-------- DATA FOR THIS EXERCISE

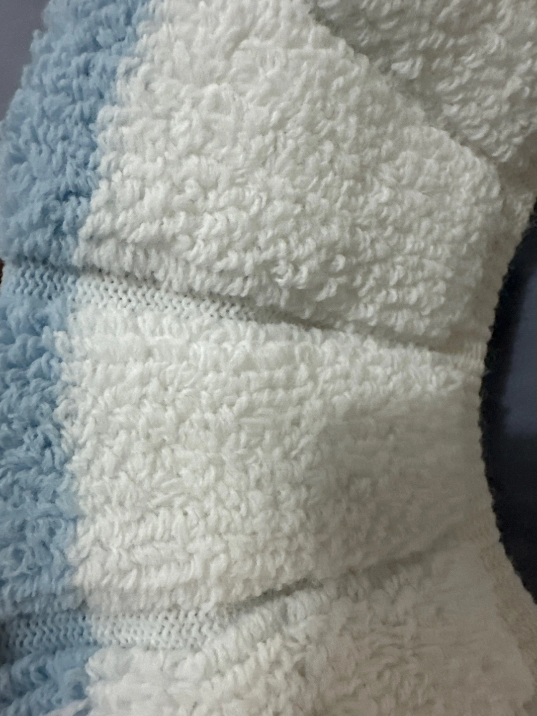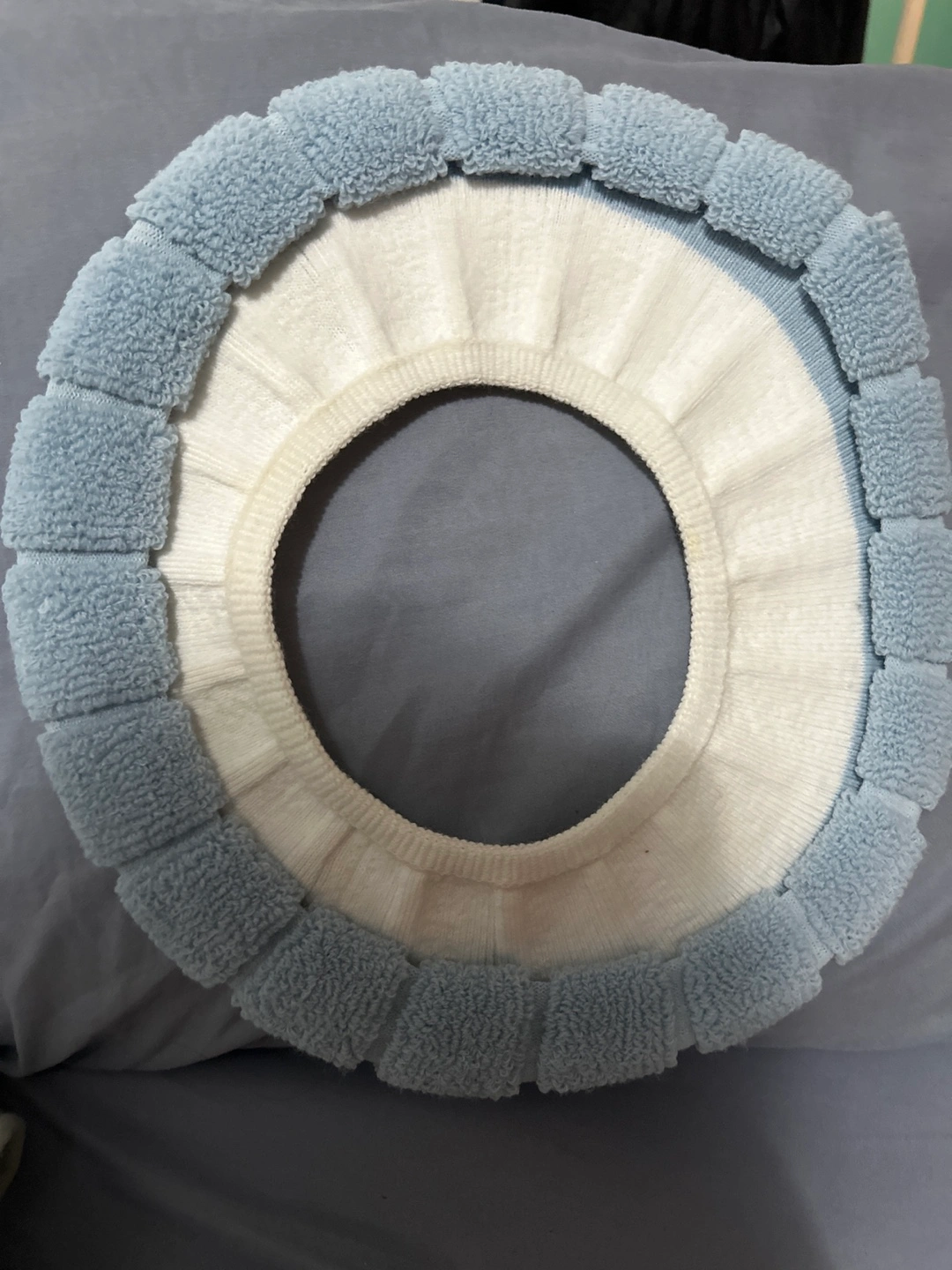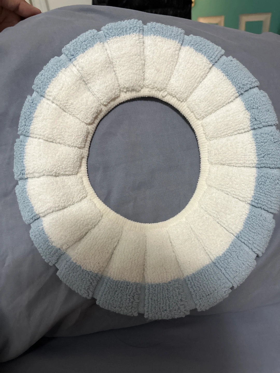 Here's a soft and cozy toilet seat cover in a pleasant blue and white color scheme. ready to add a touch of comfort to your bathroom!
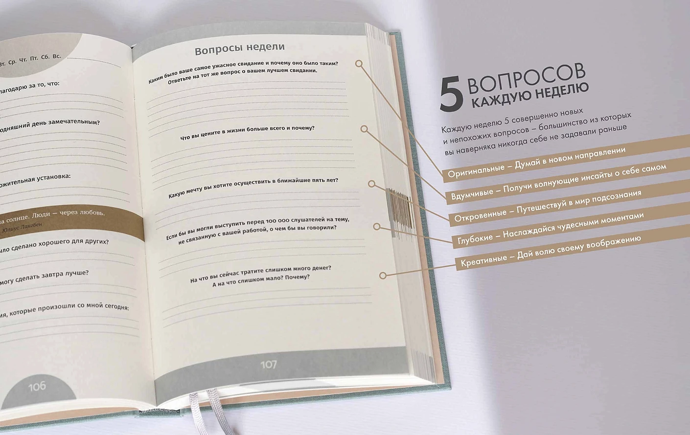 Проверенные на практике принципы позитивной психологии и нейробиологии помогут вам достичь целей, пережить трудные моменты, улучшить отношения с другими людьми и идти по жизни уверенно. С ежедневником вы сможете улучшать свою жизнь постоянно и проактивно, шаг за шагом и каждый день!
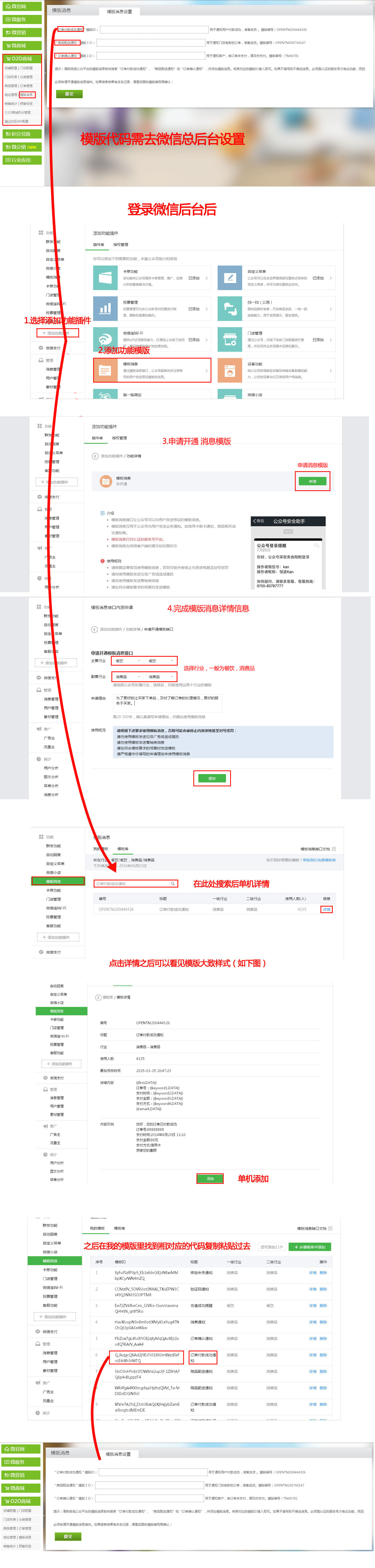 进入【傲亚后台】→【O2O商城】→【模版消息】
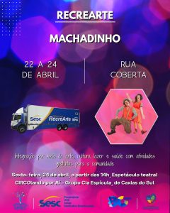 A Administração Municipal de Machadinho, por meio da Secretaria de Educação, com o apoio das demais secretarias e entidades municipais, recebe o projeto RecreArte do SESC-RS. A iniciativa traz ao município a unidade móvel do Sesc, que leva gratuitamente lazer e cultura aos municípios gaúchos, promovendo informação, conhecimento e o desenvolvimento integral da comunidade.
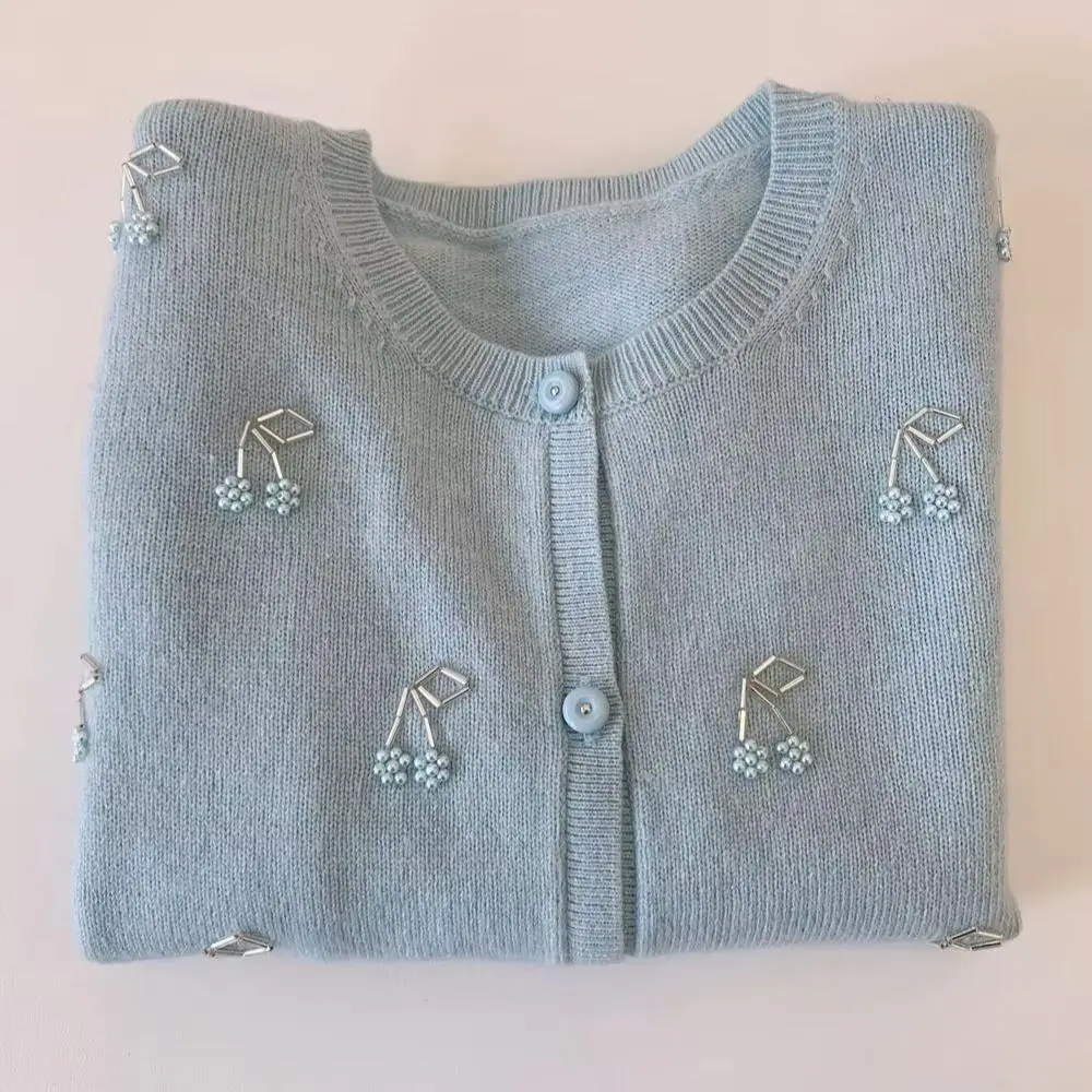 kids coat girl clothes Cartoon cherry bead pattern fashionable cardigan Girls' spring and summer blue knitted cardigan
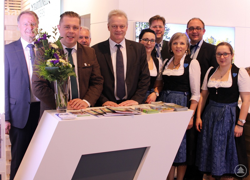 Adam und Killinger begrüßten die helle und freundliche Gestaltung der Halle und die gelungene Integration des Arberlandes. Die beiden Landräte nutzten den Messebesuch auch für zahlreiche Gespräche am Messestand. So konnten sie unter anderem mit dem ehemaligen Bundestagsabgeordneten Ernst Hinsken einen Ehrenpreisträger des Landkreises Regen begrüßen. Aber auch Alois Rainer, der Nachfolger Hinksens als direktgewählter Bundestagsabgeordneter des Wahlkreises Straubing-Regen, trafen Adam und Killinger auf der weltgrößten Touristikmesse.
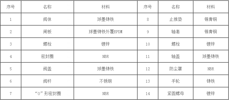3、可靠的衛(wèi)生性環(huán)氧樹脂符合衛(wèi)生標(biāo)準(zhǔn)GB/T17219-1998,閘板整體包覆符合衛(wèi)生檢驗的橡膠;閥桿、閥桿螺母等零件采用不受水腐蝕的不銹鋼或青銅等到材料。
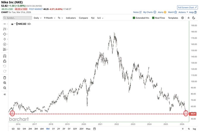 4. Nike $Nike(NKE)$ plunges to its lowest price in more than a decade 📉📉
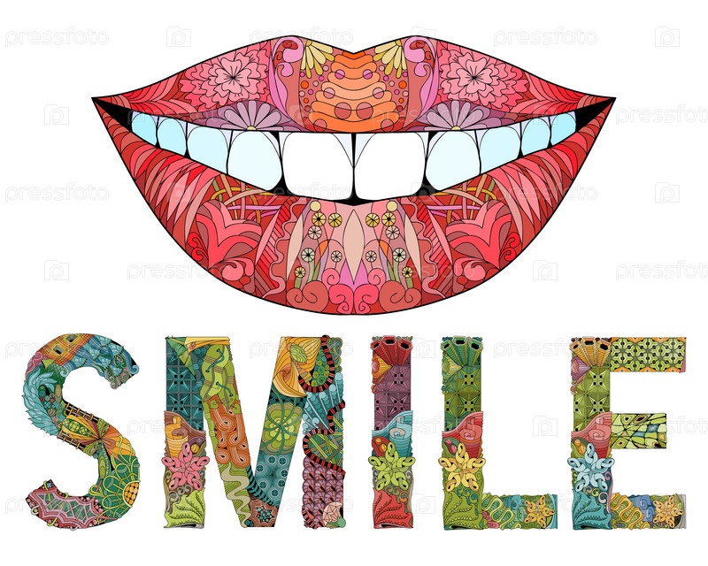 Слово улыбка с силуэтом губ. векторный декоративный объект zentangle

----------------

EXERCISE REQUIREMENTS -> Leaving every picture out, return the lines from the one containing "3、可靠的衛(wèi)生性環" through the last line of the records exactly.

WRITTEN RESPONSE ->
3、可靠的衛(wèi)生性環(huán)氧樹脂符合衛(wèi)生標(biāo)準(zhǔn)GB/T17219-1998,閘板整體包覆符合衛(wèi)生檢驗的橡膠;閥桿、閥桿螺母等零件采用不受水腐蝕的不銹鋼或青銅等到材料。
 4. Nike $Nike(NKE)$ plunges to its lowest price in more than a decade 📉📉
 Слово улыбка с силуэтом губ. векторный декоративный объект zentangle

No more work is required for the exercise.